> [Requirement]
In the material below, find the span from the line with "This duffel bag" to the line with "可以先品嚐愛玉的原味再加料進去。" and transcribe only those lines, exactly, ends included, without the pictures.

> [Provided information]

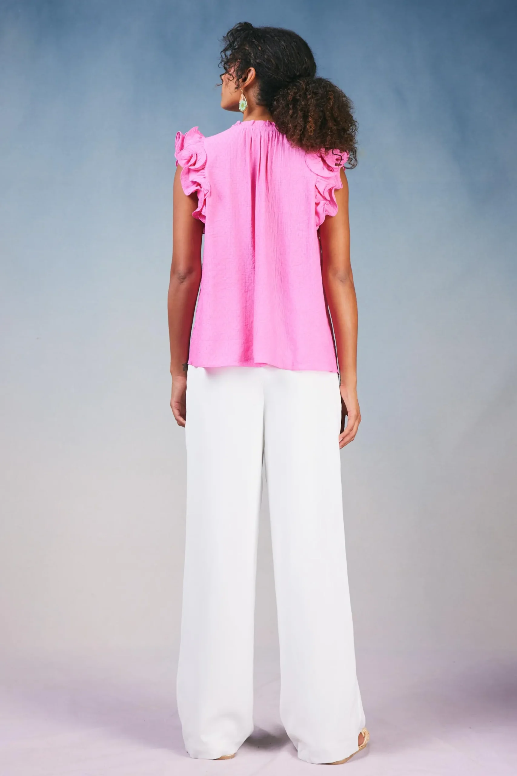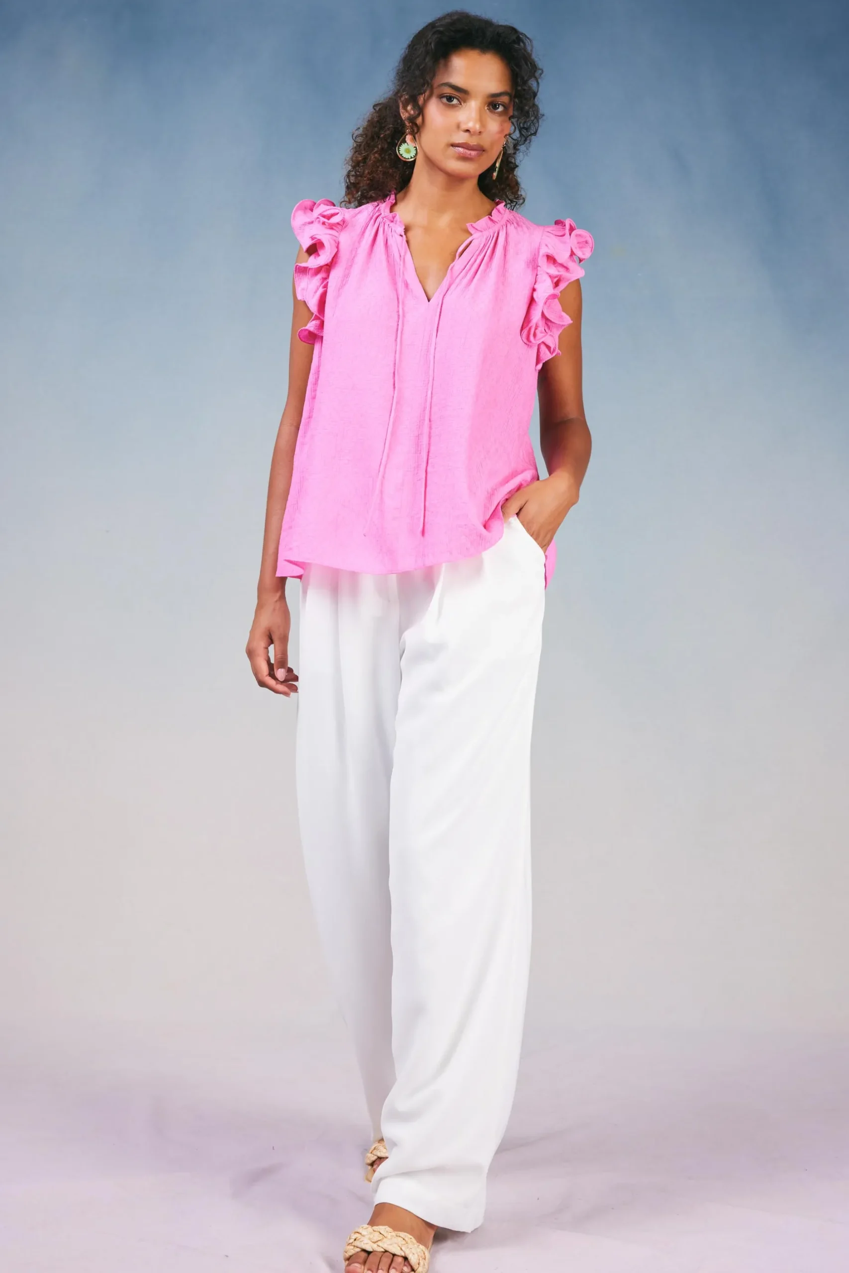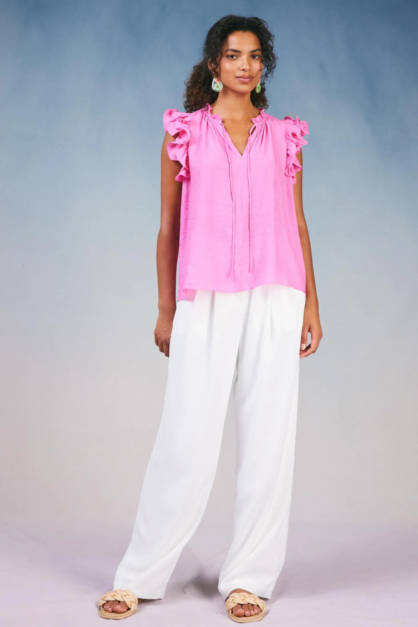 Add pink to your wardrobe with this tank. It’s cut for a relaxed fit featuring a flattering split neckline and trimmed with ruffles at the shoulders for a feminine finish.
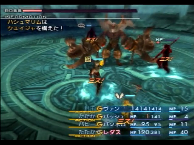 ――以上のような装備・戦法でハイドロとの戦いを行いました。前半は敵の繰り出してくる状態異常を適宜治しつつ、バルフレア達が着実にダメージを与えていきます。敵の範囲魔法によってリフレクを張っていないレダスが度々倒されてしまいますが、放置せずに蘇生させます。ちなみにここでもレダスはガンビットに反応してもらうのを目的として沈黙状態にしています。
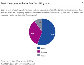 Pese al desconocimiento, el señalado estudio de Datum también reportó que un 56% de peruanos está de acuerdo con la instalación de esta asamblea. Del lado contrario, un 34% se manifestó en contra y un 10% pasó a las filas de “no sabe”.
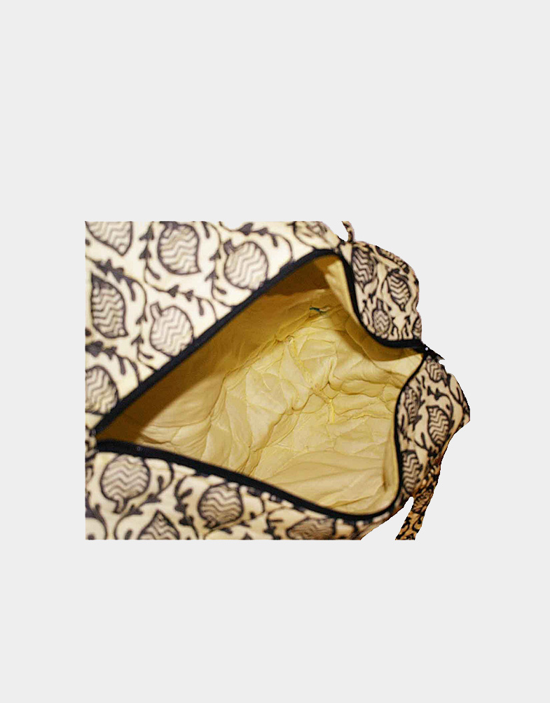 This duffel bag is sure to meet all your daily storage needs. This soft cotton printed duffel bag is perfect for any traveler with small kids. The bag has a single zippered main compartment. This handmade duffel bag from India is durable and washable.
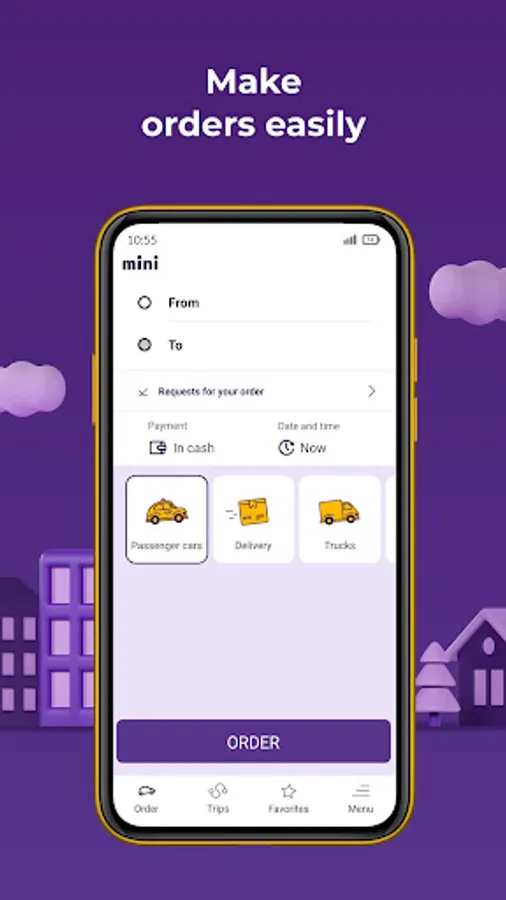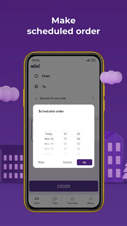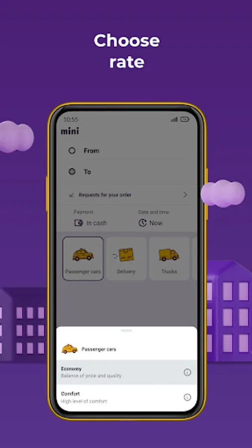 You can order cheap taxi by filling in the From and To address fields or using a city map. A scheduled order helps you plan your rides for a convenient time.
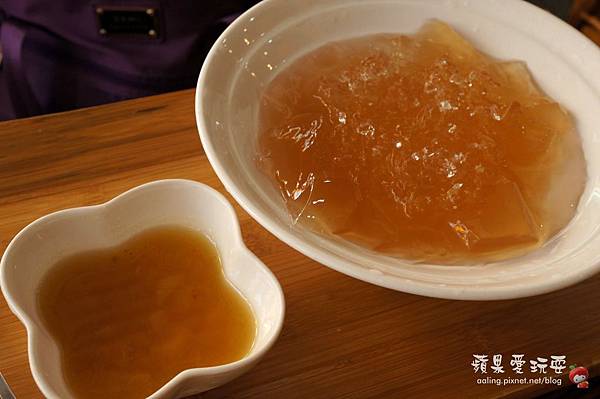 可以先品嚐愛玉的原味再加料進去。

---

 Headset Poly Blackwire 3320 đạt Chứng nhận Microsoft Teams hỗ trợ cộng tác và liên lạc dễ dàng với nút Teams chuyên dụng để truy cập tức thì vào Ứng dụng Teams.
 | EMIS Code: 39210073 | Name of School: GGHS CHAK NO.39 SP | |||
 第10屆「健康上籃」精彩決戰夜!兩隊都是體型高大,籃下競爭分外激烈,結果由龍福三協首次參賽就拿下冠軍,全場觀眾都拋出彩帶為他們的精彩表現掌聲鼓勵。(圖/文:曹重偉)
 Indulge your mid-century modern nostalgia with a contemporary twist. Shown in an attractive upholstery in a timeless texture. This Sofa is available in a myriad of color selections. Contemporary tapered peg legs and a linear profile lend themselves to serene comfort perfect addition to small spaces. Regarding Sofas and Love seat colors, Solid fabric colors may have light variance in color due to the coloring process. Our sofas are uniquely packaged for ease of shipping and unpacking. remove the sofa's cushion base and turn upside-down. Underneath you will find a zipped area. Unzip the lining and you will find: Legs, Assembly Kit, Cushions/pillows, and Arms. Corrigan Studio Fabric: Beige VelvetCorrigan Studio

> [Result for this exercise]
 This duffel bag is sure to meet all your daily storage needs. This soft cotton printed duffel bag is perfect for any traveler with small kids. The bag has a single zippered main compartment. This handmade duffel bag from India is durable and washable.
 You can order cheap taxi by filling in the From and To address fields or using a city map. A scheduled order helps you plan your rides for a convenient time.
 可以先品嚐愛玉的原味再加料進去。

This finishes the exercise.